A Milan-based robotics startup thinks it has found the missing link between artificial intelligence and physical automation. Cyberwave, founded by Simone Di Somma and Vittorio Banfi — both with Silicon Valley pedigrees — has raised €7 million in seed funding to build what it calls the “operating system” for intelligent machines.
At the surface, it sounds familiar: an AI-native platform that abstracts away the complexity of integrating robots, sensors, and machines into enterprise workflows. In essence, Cyberwave wants developers to work with physical machines as easily as they work with APIs.

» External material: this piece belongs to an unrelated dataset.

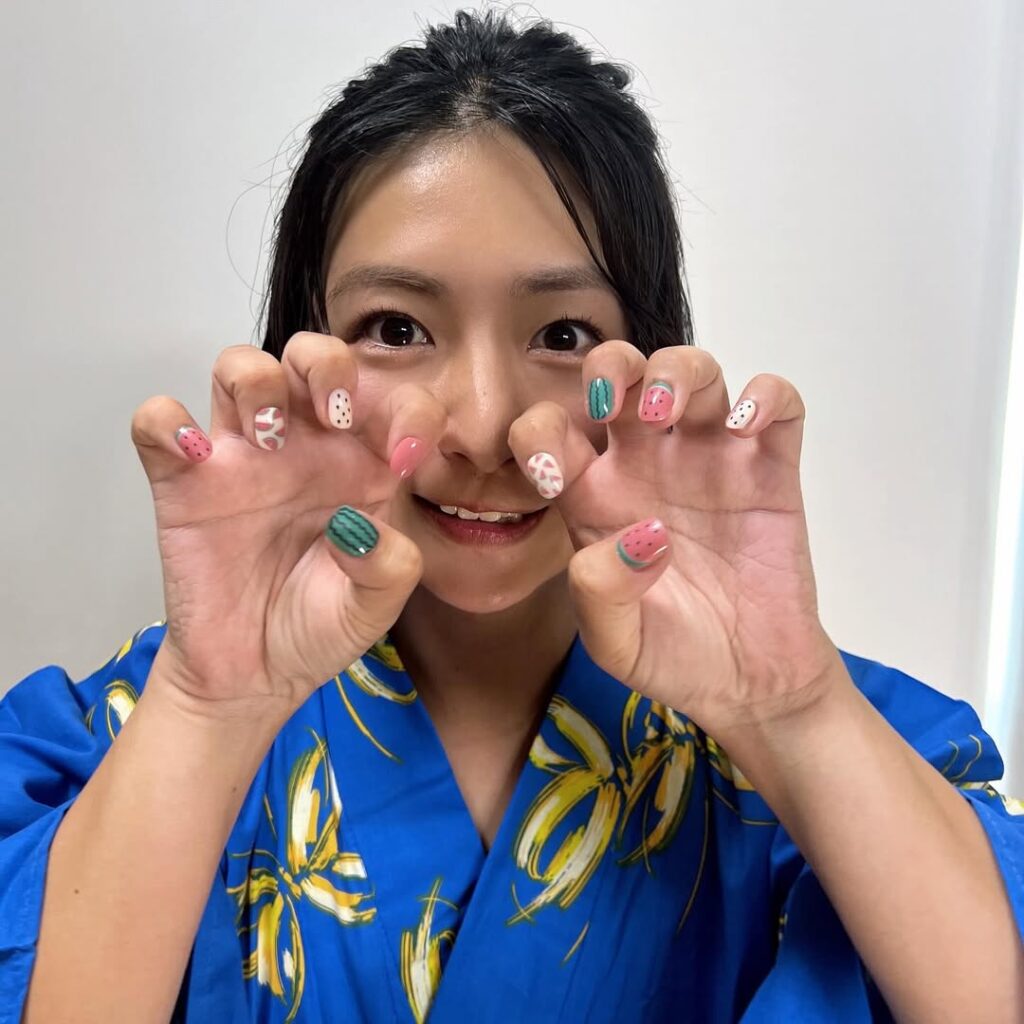 ファンも「浴衣もネイルもかわいい」「スイカネイルがメチャ可愛い」と大絶賛だった。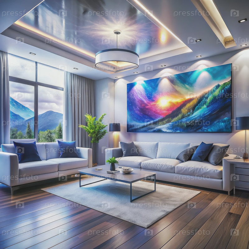 Современная жилая комната с видом на горы и абстрактное искусство. генеративный AI

But here’s the rub — machines aren’t APIs. And turning real-world, error-prone, safety-critical systems into something software developers can manipulate is a notoriously hard problem. Many have tried. Few have shipped anything reliable at scale.
The pitch: a bridge from bits to atoms
Cyberwave’s founders come with startup credibility. Di Somma previously sold his data analytics startup Askdata to SAP. Banfi built Botsociety, a design tool for voice interfaces, which was acquired by Google. Now, they’re taking aim at the “wall” that separates machine learning models from machines that can actually do something — like welding a chassis, moving a package, or inspecting a turbine.
The idea isn’t new. From Boston-based startups like Realtime Robotics to large players like Siemens and ABB, there’s been a steady stream of efforts to “standardize” robot behavior. Most end up entangled in the idiosyncrasies of hardware, edge cases, and the realities of latency, safety, and uptime.
Cyberwave thinks it can avoid those pitfalls by taking a modular, developer-first approach. Its platform doesn’t just control robots; it creates digital representations of them — digital twins — that can be programmed, tested, and orchestrated like software components.
A VC bet on abstraction
United Ventures, an Italian venture firm, led the round. Others joining in include The Techshop, Pi Campus, and Vento, the latter backed by Agnelli-family investment firm Exor. Notably, several angels from the AI and manufacturing worlds are on the cap table — a sign that the company is drawing early attention from people who’ve seen how hard industrial automation can be.
The money will go toward building out the platform, hiring teams across Milan, Zurich, and San Francisco, and expanding pilot programs in manufacturing, logistics, and industrial inspection.
But no amount of VC money can fully eliminate the complexity of physical integration. System integrators have always existed because every facility is different. Machines vary in age, vendor, protocol, and tolerance. While the idea of “no-code” or “one-click” automation sells well in pitch decks, the factory floor rarely cooperates.
The real test: developer adoption
Cyberwave is positioning itself less as a vendor and more like a platform: hardware manufacturers integrate once, and third-party developers — whether enterprise engineers or AI teams — build workflows on top. Think: AWS for robotics, or Hugging Face for hardware.
That framing is clever, but it requires developers to show up and stick around — a hurdle that tripped up many robotics platforms before them. Getting manufacturers to open their machines to third-party control also raises reliability and liability questions, especially when physical safety is involved.
The deeper risk isn’t technical — it’s trust. Enterprises won’t swap their expensive PLCs and custom code for a web-based interface unless Cyberwave can prove not only speed, but robustness.
Why this matters
The push to digitize European industry is accelerating, spurred by labor shortages, rising energy costs, and the pressure to reshore production. But much of that digitization is stuck in silos. Robots don’t talk to enterprise software. AI models remain stuck in the cloud. Projects stall not because the tech doesn’t exist, but because connecting it all is slow, expensive, and brittle.
If Cyberwave can make that integration seamless — truly seamless — it could become the plumbing behind a new wave of automation. But building developer tools for the physical world means playing by the rules of both software and hardware.
And unlike code, machines don’t forgive mistakes.